USAID Just Released Its “Journey to Self Reliance” Indicators. What Comes Next?

Last week, CGD hosted the US Agency for International Development (USAID) for the first public presentation of the agency’s new “Journey to Self-Reliance” metrics. Launched by USAID Administrator Mark Green, the Journey to Self-Reliance is a new strategic approach that aims to more systematically orient the agency’s programming toward building countries’ capacity to address their own development challenges. A key component of this effort is a set of metrics that seeks to assess individual countries’ progress along this journey. After USAID’s Susan Fine and Chris Maloney provided an overview of the indicators and their relationship to the Journey to Self-Reliance, my colleagues Sarah Rose and Erin Collinson, along with AidData’s Brad Parks, kicked off a panel discussion that examined the indicators, posed key questions about how USAID will use them, and explored the merits and limitations of using country-level quantitative metrics.

What are the metrics?

The agency selected 17 publicly available, third-party indicators that it designates as measuring either commitment (open and accountable governance, inclusive development, and economic policy) or capacity (capacity of government, civil society, citizens, and the economy). This fall, USAID plans to release newly designed “roadmaps”—which provide a snapshot of performance on the full set of indicators—for each of the agency’s partner countries.

How will USAID use (and not use) the metrics?

In his presentation, Maloney emphasized that the roadmaps are not scorecards. Rather than being used to compare country performance or establish a graduation policy, they will help USAID understand a country’s profile on the development spectrum, offer a jumping-off point for country dialogues and strategic planning efforts, and, ultimately, help identify which countries could—at some point—be eligible to move away from the traditional partnership model. What’s more, the agency plans to pair the roadmaps with a set of secondary metrics and other supplemental information.

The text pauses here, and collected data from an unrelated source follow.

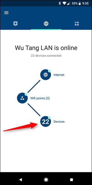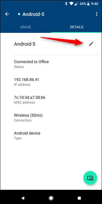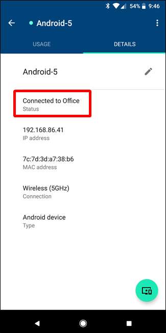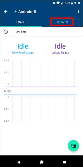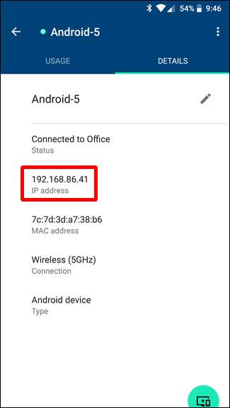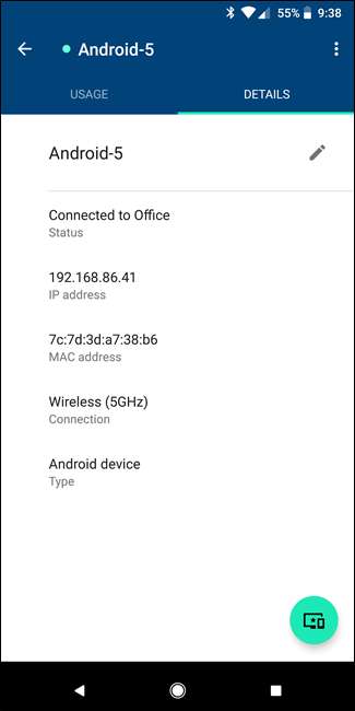 Facile, non? Ouais. Cela fait apparaître une liste de tous les appareils actifs sur votre réseau. Trouvez un appareil qui n'a pas de nom propre, quelque chose de vague, comme "Android-5" Appuyez dessus, puis balayez vers l'onglet Détails.
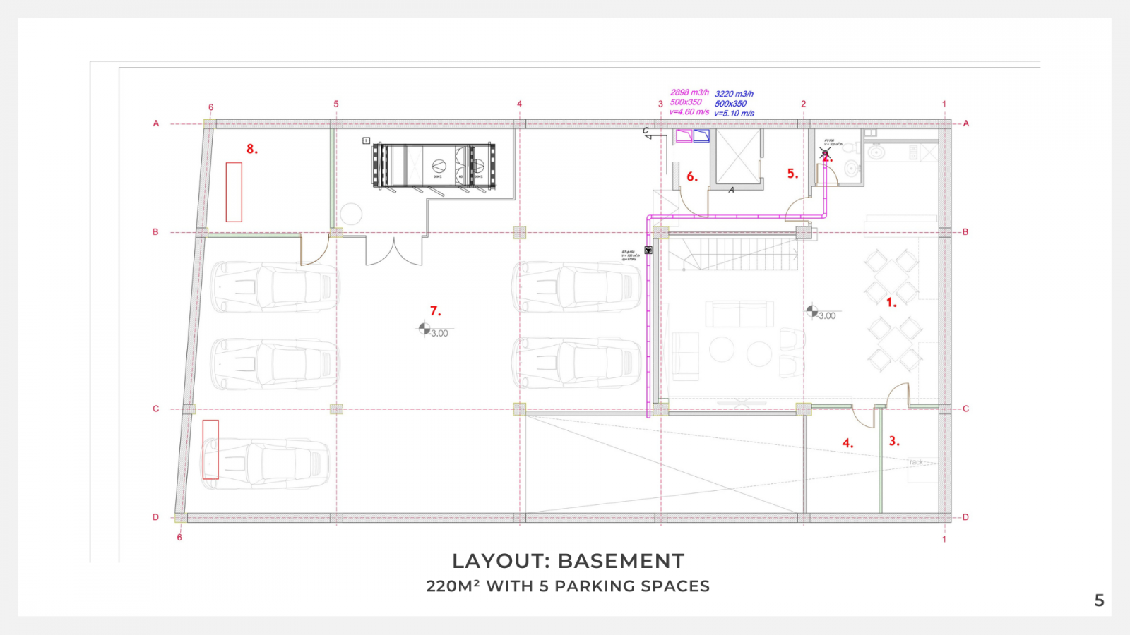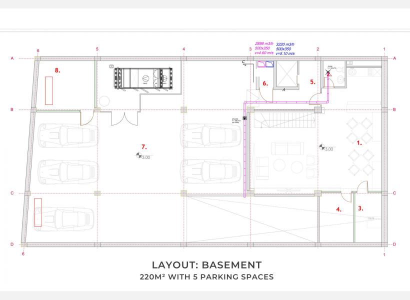 The space available for rent consists of a basement (cellar) and three floors, with a total net area of 560m², including 5 parking spots in an underground garage.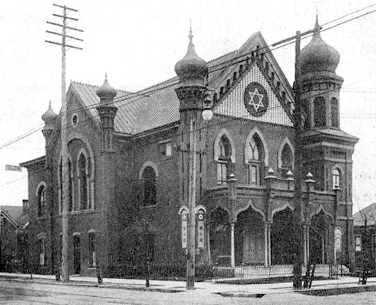 Temple Emanu-El was the first synagogue organized in Jefferson County, Alabama. Construction of the original temple began in late July 1886 it was located on the southwest corner of 17th St. and 5th Avenue N facing the park now named for Kelly Ingram. Like most American synagogues built in that decade it was “Moorish” in style with prominent onion tomes and a star of David at the forefront.

Are they the right indicators?

Rose argued that all cross-country indicators have limitations. No set of metrics will capture everything that’s important about a country’s development progress. Not only that, but because of lags in data reporting, the indicators present a mere snapshot of where a country was a year or two ago and offer little insight into a country’s past trends or future trajectory. But because USAID’s low-stakes, nonprescriptive approach to using its chosen metrics is sensitive to these and other limitations, Rose called the selected set of metrics broadly defensible.

Parks asked a more fundamental question about how indicators are empirically associated with USAID’s idea of self-reliance. Conceptually, the idea is that stronger country commitment and capacity translate into greater ability to plan, finance, and implement a development agenda. But do improvements in the selected indicators correlate with reduced need for foreign aid? Parks recommended that USAID study how improvement in country performance on the indicators relates to that country’s relationship with USAID and whether it evolves in a way that would be expected of a country progressing toward self-reliance.

How will partner countries respond to the “roadmaps”?

Framing the roadmaps as an entry point seems wise given the indicators’ limitations, but the ambiguity over their weight in decision-making could affect how partner country governments respond. If MCC’s experience is any indication, partner country governments may be looking for actionable policy guidance to improve their indicator scores. USAID will need to be prepared to respond consistently to the inquiries and concerns of its partners. On the other hand, because the metrics’ role in USAID’s decision-making process is unclear, countries may respond accordingly. As Parks noted, while MCC’s scorecards are by no means perfect, they have the effect of focusing partner country governments on a specific outcome. Without predictability about of how the metrics will be used, USAID runs the risk of dampening interest in the Journey to Self-Reliance metrics, or worse, facing a crisis of relevance.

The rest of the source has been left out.